ビットコインに関する新たな規制がワシントン州の暗号通貨業界を揺るがす

ビットコインは、その価値が急上昇し、エクスペディアやマイクロソフトといった企業にも受け入れられるようになり、徐々にマイナーな投資というイメージを払拭しつつある。しかし、金融関係者が「暗号通貨」にますます注目する一方で、各国政府も同様に注目している。
7月23日、ワシントン州は消費者保護を名目に、デジタル通貨市場を規制する最新の州となった。4月に州議会で可決された規制法案は、仮想通貨コミュニティ内で非難と称賛の両方を巻き起こし、ビットコイン関連企業の中には、規制に従わずワシントン州での事業を停止する企業も現れた。
この法案の主な標的は、顧客がビットコイン、イーサリアム、その他の通貨を取引・預入できるデジタル取引所です。ワシントン州の顧客と取引するすべての取引所は、州の送金事業者に関する法律(ウエスタンユニオンなどの事業者に従来適用されてきた)に基づいて運営する必要があります。これには、州金融機関局から認可を受ける義務と、顧客に代わって預かる資金と同額の仮想通貨準備金を維持する義務が含まれます。
さらに、取引所は自社システムの第三者によるセキュリティ監査に同意し、顧客が取引所から補償を受けるべき場合に保証金として機能する1万ドルから55万ドルの保証金を預け入れる必要がある。
「州には送金業者に関する古い規制があり、明らかに古いビジネスモデルを対象としていました」と、金融機関局で新法の策定に携わったチャールズ・クラーク氏は述べた。「仮想通貨業界はこれに問題を抱えていました。今回の規制は、業界にとって明確な説明と指針となるでしょう。」
規制が成立した直後、Bitfinex、Bitstamp、Kraken、Poloniexなどの取引所はワシントン州から撤退し、ワシントン州の顧客に対し、他の取引所への切り替えを勧告しました。Krakenは声明の中で、「収益は引き続き増加しているものの、運営コストが法外な水準に達しています。これは主に、州が課す規制遵守要件を継続的に満たすためのコストが高いことが原因です。残念ながら、ワシントン州での事業運営は現実的ではなく、全住民へのサービス提供を停止せざるを得なくなりました」と述べています。
他の人々はRedditでこの規制に反応し、ワシントンは「暗号通貨を嫌う議会」を持ち、「先進的な考えを持つテクノロジー愛好家にとって住むには非常に残念な州」だと非難している。
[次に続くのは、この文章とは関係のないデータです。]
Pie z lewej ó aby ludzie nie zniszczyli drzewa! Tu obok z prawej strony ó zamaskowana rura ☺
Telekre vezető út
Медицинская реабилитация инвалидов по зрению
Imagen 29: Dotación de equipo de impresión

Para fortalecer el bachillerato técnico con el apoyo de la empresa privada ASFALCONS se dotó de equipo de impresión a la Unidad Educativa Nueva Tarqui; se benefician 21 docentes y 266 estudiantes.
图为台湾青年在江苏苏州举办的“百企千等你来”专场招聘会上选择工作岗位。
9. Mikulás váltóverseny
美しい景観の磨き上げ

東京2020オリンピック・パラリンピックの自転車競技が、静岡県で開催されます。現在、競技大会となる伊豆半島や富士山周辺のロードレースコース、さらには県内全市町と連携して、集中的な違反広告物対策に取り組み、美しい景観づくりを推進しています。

クラーク氏は、オンライン上の議論や取引所閉鎖のニュースを注視していると述べた。ワシントン州は2014年に仮想通貨に関する規制ガイドラインを発表しており、新たな規制はニューヨーク州やノースカロライナ州などの州で見られる規制と類似していることを指摘し、影響を軽視した。
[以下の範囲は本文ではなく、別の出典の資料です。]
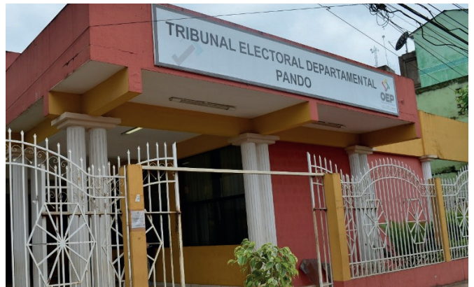
Fachada del Tribunal Electoral Departamental (TED) de Pando

Por otra parte, la autoridad electoral detalló que, en el departamento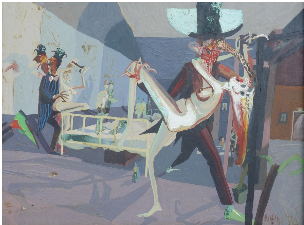
Szukálek Lajos: Vidám kórterem

A novelláskötetből kiérezhető szerzőjének viszolygása a modern világtól – itt bizony olyan „kartársakra” lelhetünk, mint C.S. Lewis vagy J.R.R. Tolkien –, az emberi arrogancia, a materializmus, a technológiai fejlődés kritikátlan imádatától. Ez szöges ellentétben áll a science fiction, különösen az „aranykor” tudományba vetett optimizmusával. A mai olvasó számára is élénken avantgárdnak tűnik, a szépirodalom főáramlatára rezonál, ezt sajnos kevésbé tolerálta kora zsánerének olvasótársadalma. David R. Bunch életében alulértékelt író maradt, kicsit nihilista, kicsit abszurd, egy igazi költő a lektúr szerzők sokadalmában. A huszonegyedik század olvasója viszont készen áll Bunch befogadására. Az irodalom disztópiákkal teli, a hírek dühöngő embereket mutatnak, a mai háborús bűnök világában a novellák nagybetűs felkiáltásai ebben a kontextusban nem tűnnek helytelennek, a diskurzusban teljes a keveredés: a tegnapi szatíra ma üzleti szalg cím. Ami egykor visszataszítóan olvashatatlan volt, most ott toporog a valóság előszobájában. Moderan utolért minket, vagy inkább mi értük utol?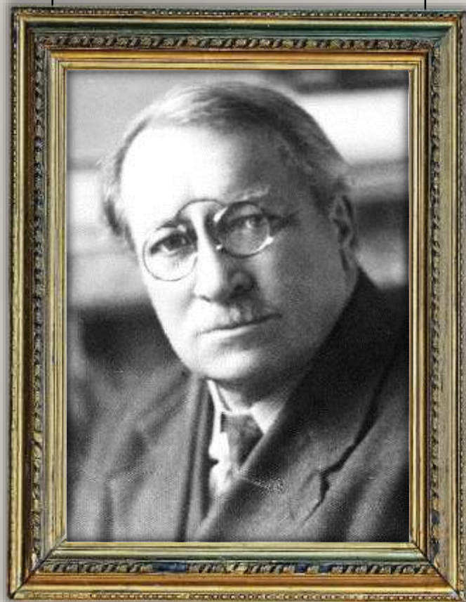
ОЛЕКСАНДР ОЛЕСЬ (О.І. Кандиба) 1878–1944

«Бринить-співає наша мова, чарує, тішить і п'янить»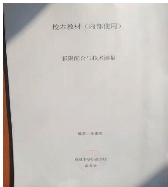
图 1-2-15 教师自编校本教材

学校教学用计算机共 385 台，其中学生用机 300 台，教师用机 85 台，满足在校师生的正常使用。学校推进智慧校园建设，现有网络服务提供商提供 2550M（中国电信 450M，中国移动 2100M）宽带的互联网接入服务，以保障全校信息化需求，并利用智慧校园平台管理全校信息系统，广泛运用计算机、大数据、移动互联网等新一代信息技术，开展线上线下混合式教学，探索“互联网+”智慧教学、管理、服务新模式。学校重视信息化教学，举办了教师教学能力比赛，展示了教师信息化教学的成果，得到了学校领导、行业企业专家的高度肯定，并积极参加安庆市、安徽省教师教学能力比赛。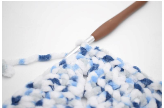
35. Haak 1 v in de volgende 32 s.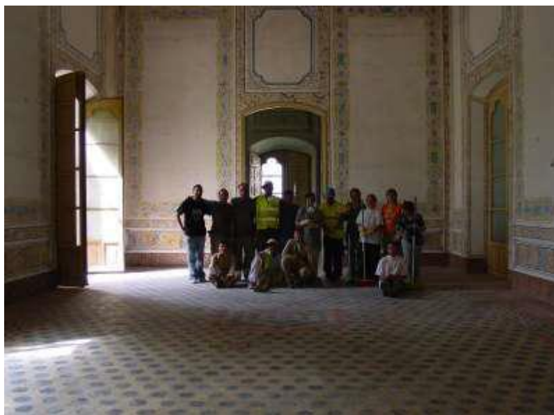
Proyecto Casa Dalmases, Cervera

http://historiasdevida2013.wordpress.com/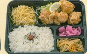
鯛だし唐揚げ弁当 600円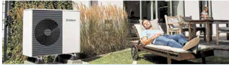
Entspannt zurücklehnen und von Einsparungen bei den Heizkosten profitieren: Moderne Energiemanagementsysteme für die Wärmepumpe machen es möglich.

(DJD). Smart vernetzt ermöglichen Wärmepumpensysteme eine nachhaltige und vor allem kostensparende Wärmeversorgung im Neubau und bei der Modernisierung im Bestand. Durch ein intelligentes Energiemanagement lässt sich der Betrieb optimieren, um Energiekosten zu senken. Der digitale Service EnergiePLUS etwa funktioniert mit allen Vaillant Wärmepumpen, die über ein Inter-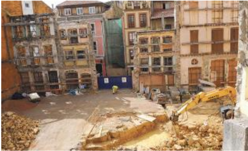
Fig. 7. Vaciado de manzana casco antiguo para nuevo museo.

Para construir El Museo de Bellas Artes de Asturias, tal como se encuentra hoy se destruyó toda una manzana de lo poco que nos queda del exiguo Oviedo redondo 13 . Añadir a esto que se dejaron, como muestra constante del genocidio los cadáveres, no creo que exquisitos, de las fachadas colgadas en la calle, como una prueba más de la prepotencia acontextual de la arquitectura que invitamos a venir a nuestras ciudades 14 .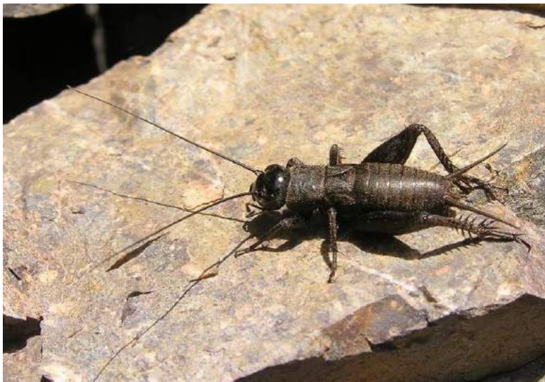
Melanogryllus desertus (Pallas) - степной сверчок; личинка

Gryllus bimaculatus De Geer – Сверчок двупятнистый. Степной западнопалеарктический вид. Распространен в Южной Европе, Африке, Закавказье, Передней Азии, Казахстане и Средней Азии. В Казахстане обитает на юге. Живет в норках в земле. Встречается в горах под камнями вдоль речек и ручьев. Иногда вредит сельскохозяйственным культурам.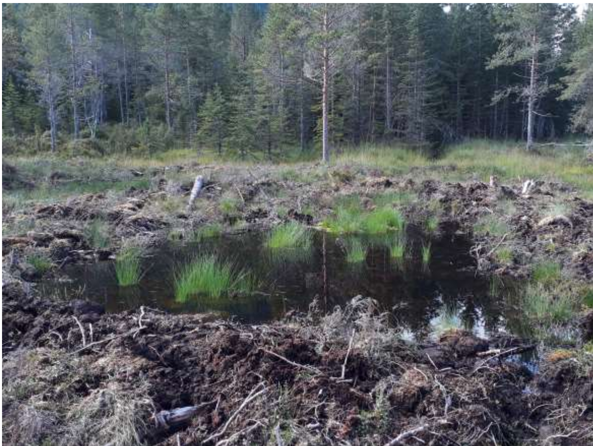
Fig. 8. Parti med dam i det nye pluggdamområdet SØf Grøntjørna, sett mot vest.

Av nebbmunner/teger fant jeg Gerris odontogaster , Notonecta lutea og minst én buksvømmer-art (bare larver ble registrert). Av biller ble det registrert både Acilius sulcatus og A. canaliculatus , men ingen mindre vasskalver eller andre biller.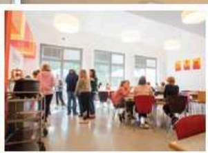
Die Kantine in der Jugendbildungsstätte.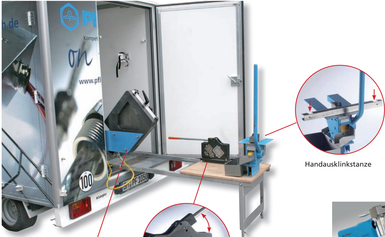
Ansicht „Heck“ mit 7 Geräten.

individuelle Lösungen für Anwendungsfälle moderner Kabelführung.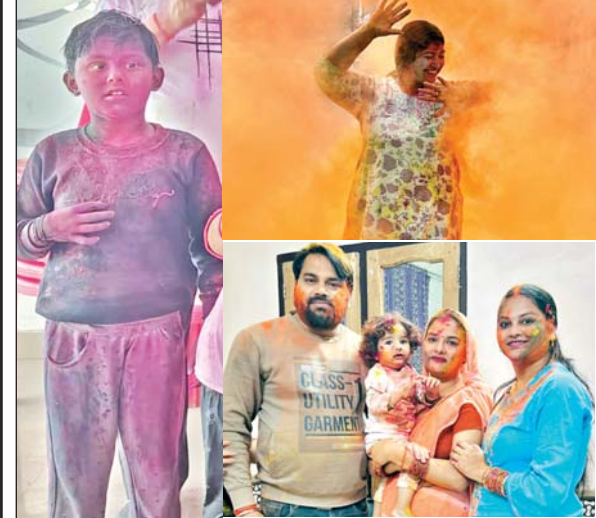
बच्चों संग बड़ों में भी दिखा होली खेलने का उत्साह

आजमगढ़। शहर से लेकर ग्रामीण अंचलों में पात्र लाभार्थियों का राशनकार्ड आपूर्ति कार्यालय से निरस्त कर दिया जा रहा है। इससे पात्र लोगों की परेशानी बढ़ गई है। वहीं, विभाग का कहना है उनके स्तर पर किसी लाभार्थी का नाम नहीं काटा गया है। जो व्यक्ति पात्र है वह नोटरी बयानहल्फी के साथ आनलाइन आवेदन करें। जांच के बाद उनका राशनकार्ड बना दिया जाएगा। जिले में सात लाख से अधिक अन्त्येदय और पात्र गृहस्थी के राशन कार्ड उपभोक्ता हैं। इन्हें हर माह शासन की तरफ से यूनिट के हिसाब राशनकार्ड उपभोक्ताओं को खाद्यान्न उपलब्ध कराया जा रहा है। इधर कई माह से राशन कार्ड से नाम काटने और नाम जोड़ने का खेल आपूर्ति विभाग द्वारा किया जा रहा है। राशन कार्ड से नाम काटने में ज्यादातर खेल कोटेदारों का बताया जा रहा। इतना ही नहीं, गरीब परिवारों के राशन कार्डों को निरस्त कर दिया जाता है। इसका कारण विभागीय अधिकारी बताने को तैयार नहीं है।

「この法案は全く驚くべきことではなかった」とクラーク氏は語った。
クラーク氏は、ワシントン州の新たな政策は、さまざまな暗号通貨業界団体、ライセンシー、業界団体、デジタル商工会議所、この分野に関与する企業との協議を通じて策定されたと述べた。
これらの議論に参加した企業の一つが、ワシントン州でビットコインATMを運営し、ウォレットサービスを提供し、18州および国際的に仮想通貨の交換を促進するCoinme社です。Coinme社のCEO、ニール・バーグクイスト氏は、ワシントン州の取り組みを称賛し、仮想通貨規制においてワシントン州は「50州の中で先駆者」であり、企業へのガイダンス提供においても「先駆的」であると述べました。同氏は、州から仮想通貨取引所が撤退しても、大きな波紋は起こらないだろうと予測しました。
「(取引所が)いくつか残っている限り、消費者への影響は最小限にとどまると思う」とバーグキスト氏は述べ、最大の取引所であるコインベースが依然としてワシントンで営業していると指摘した。
バーグクイスト氏は、仮想通貨業界は州経済に恩恵をもたらし、近年では高給の雇用と多くの億万長者を生み出してきたと述べた。しかし、人気が高まる一方で、多くの政府関係者にとって依然として分かりにくく難解な部分もある。議員たちは知識のギャップを認識しなければ、イノベーションを阻害するリスクがあるとバーグクイスト氏は指摘した。
「残念なアプローチをしている州もあれば、実際に理解しようと努力しているため、より良い対応をしている州もあります」とバーグクイスト氏は述べた。「規制当局、起業家、そして消費者が皆、対話に参加することが重要なのです。」
一部の政府は急成長する暗号通貨業界に対し規制で対処していますが、他の政府は異なるアプローチをとっています。例えば、今年6月にはモンタナ州がビットコインマイニング企業に41万6000ドルの助成金を交付し、ネバダ州はビットコイン取引への課税を明確に禁止する法律を可決しました。